Silicon Integrated Systems 矽統科技
- Type: Public
- Traded as: (TWSE: 2363)
- Founded: 1987; 39 years ago
- Headquarters: Hsinchu Science Park, Taiwan
- Website: www.sis.com

= Silicon Integrated Systems =

Company

Silicon Integrated Systems (SiS; 矽統科技 (Xìtǒng Kējì)) is a company that designs and manufactures integrated circuits, chipsets and components related to Human-Machine Interfaces (HMI).
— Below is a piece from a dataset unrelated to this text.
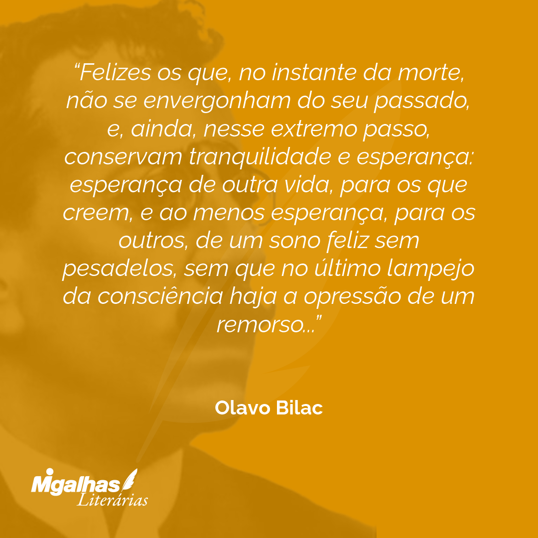 Felizes os que, no instante da morte, não se envergonham do seu passado, e, ainda, nesse extremo passo, conservam tranquilidade e esperança: esperança de outra vida, para os que creem, e ao menos esperança, para os outros, de um sono feliz sem pesadelos, sem que no último lampejo da consciência haja a opressão de um remorso...
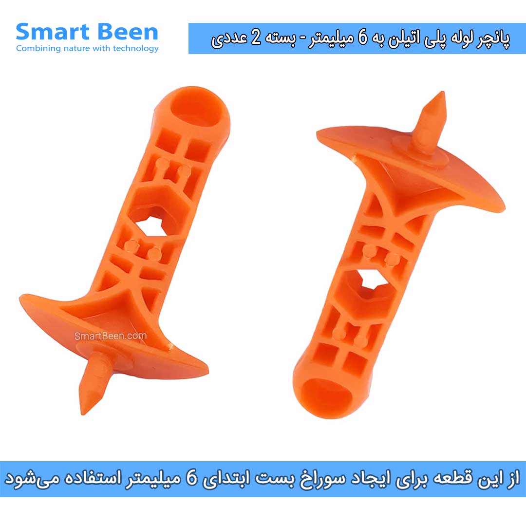- از این قطعه برای ایجاد سوراخ 6 میلیمتر بر روی لوله پلی اتیلن استفاده میشود. (بسته دو عددی)

The company was founded in 1987 in Hsinchu Science Park, Taiwan.

==Business==
In the late 1990s, SiS made the decision to invest in their own chip fabrication facilities. At the end of 1999, SiS acquired Rise Technology and its mP6 x86 core technology. Silicon Integrated Systems (SiS) acquired Hycon Technology on January 1, 2025. The acquisition involved SiS issuing 0.8713 shares for every Hycon share, totaling 27,755,080 shares.

==Mainboard chipsets==

One of the most famous chipsets produced by SiS was the late 486-age chipset 496/497 which supported PCI bus among older ISA- and VLB-buses. Mainboards using this chipset and equipped with CPUs such as the Intel 80486DX4, AMD 5x86 or Cyrix Cx5x86 processors had performance and compatibility comparable with early Intel Pentium systems in addition to a lower price.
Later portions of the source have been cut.